> _WHAT THE EXERCISE ASKS_:
Among the entries below, only the lines from the one with "为庆祝三·八国际劳动妇女节,哈美加外校校" through the one with "A business shirt" are wanted, reproduced exactly. Pictures are not wanted.

> _SOURCE DATA_:
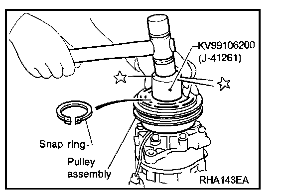 3. Install the pulley assembly using the installer and a hand press, and then install the snap ring using snap ring pliers.
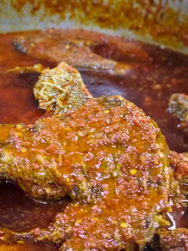 Vibrant, spicy, and flavorful West African rice dish cooked in a rich sauce of tomatoes, onions, and peppers, seasoned with garlic, thyme, and spices.
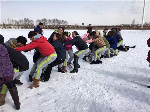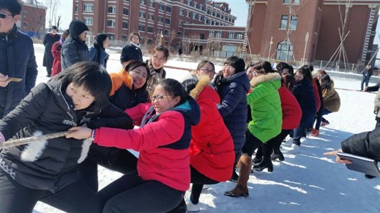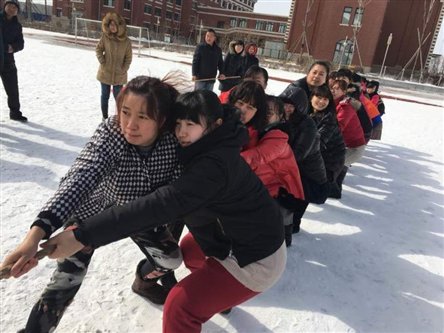 为庆祝三·八国际劳动妇女节,哈美加外校校工会利用3月8日、9日两天的午休时间,在校体育场举办了全校女教职工雪地拔河比赛。
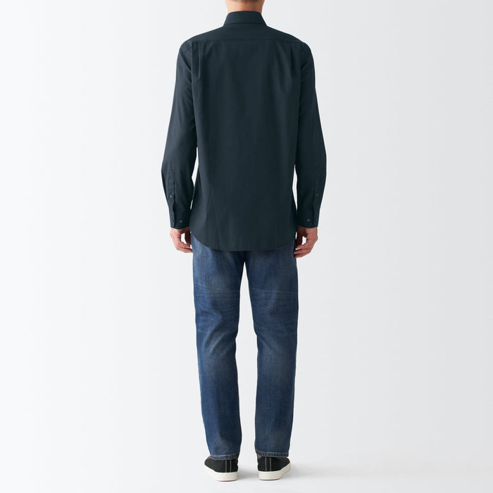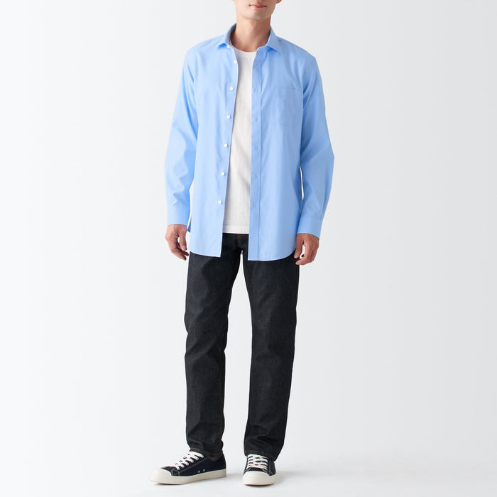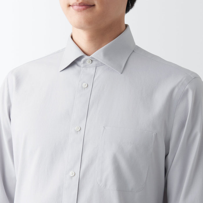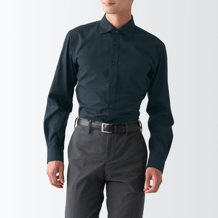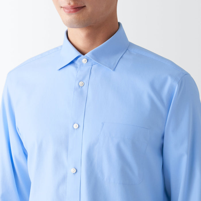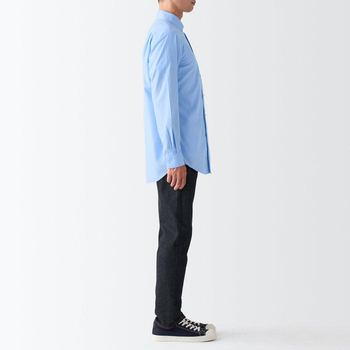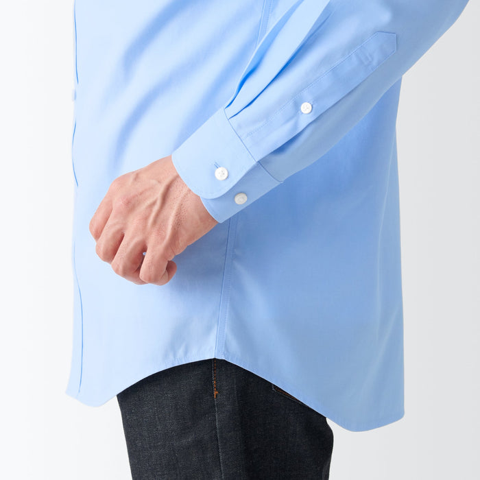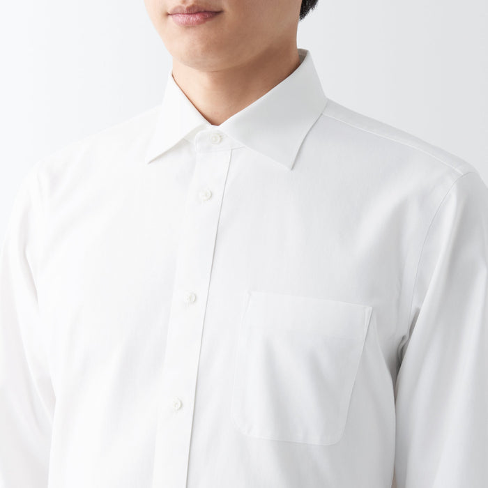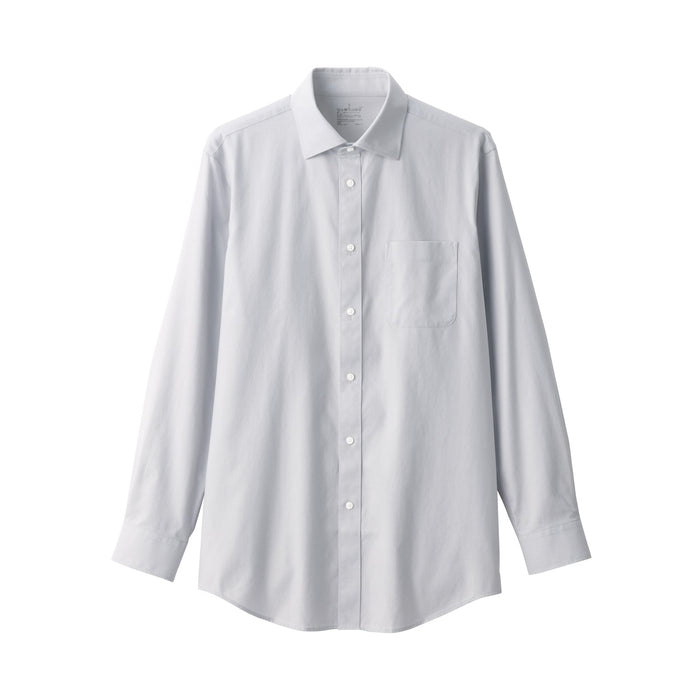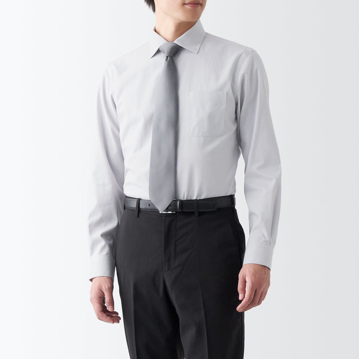 A business shirt is made of 100% cotton and doesn't need ironing. It has been treated to stay wrinkle-free and has special tape in the seams to reduce wrinkles. The collar height is ideal for wearing with a tie, and the length is perfect for tucking in.
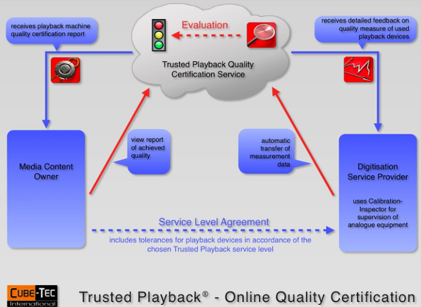 Cube-Tec International has developed a new online quality certification service for the surveillance of analog playback devices: Trusted Playback. By analyzing quality metadata generated by Calibration-Inspector, Trusted Playback documents the current condition of the analog playback devices used by a digitization service provider.
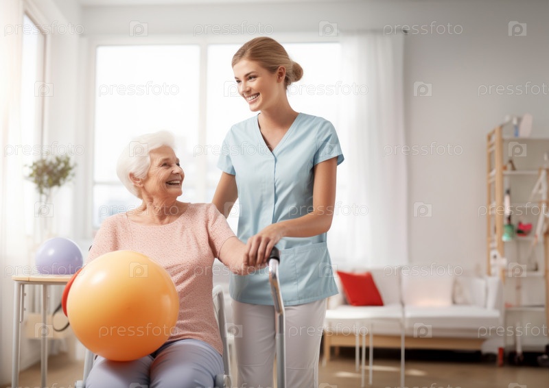 Медицинский работник выполняет лечебные упражнения с пожилой женщиной в инвалидной коляске, используя мяч и различные вспомогательные средства, демонстрируя пример сострадательного ухода и реабилитационной поддержки в сфере здравоохранения
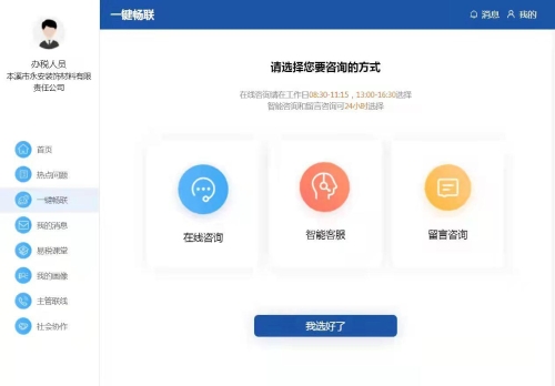 平台支持税企双方通过“共享桌面”功能完成涉税业务的隔空辅导,高效解决纳税人、特别是异地纳税人在电子税务局操作环节中遇到的普遍性问题,充分辅助企业事项网上办、个人事项掌上办,有效拓展了“非必要不窗口”涉税事项的受众范围。下一步,本溪市税务部门还将拓展平台功能,增加涉税风险提醒、税源管理等模块,让平台成为智慧税务的亮点,税企畅联的载体,征纳互动的典范。
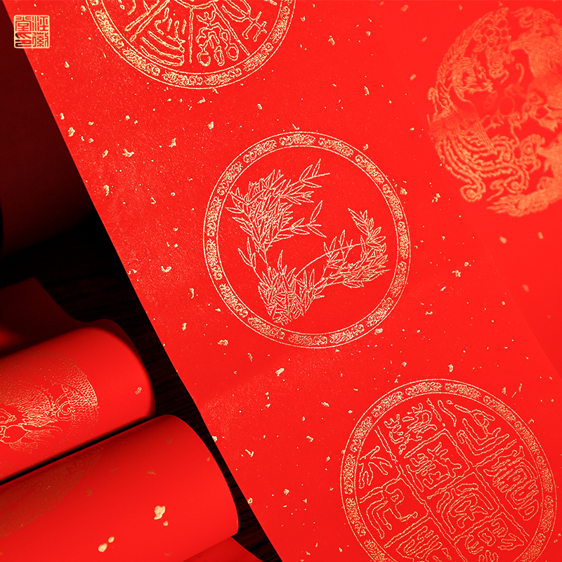 Couplet Red Paper Ten Thousand Years Red Rice Paper Couplet Paper Sprinkled Golden Dragon Phoenix Big Red Paper New Year Door Joint Brush Calligraphy Handwriting Blank Spring League Five Words Seven Words Nine Words Eleven Words Wholesale 2020

> _WRITTEN RESPONSE_:
 为庆祝三·八国际劳动妇女节,哈美加外校校工会利用3月8日、9日两天的午休时间,在校体育场举办了全校女教职工雪地拔河比赛。
 A business shirt is made of 100% cotton and doesn't need ironing. It has been treated to stay wrinkle-free and has special tape in the seams to reduce wrinkles. The collar height is ideal for wearing with a tie, and the length is perfect for tucking in.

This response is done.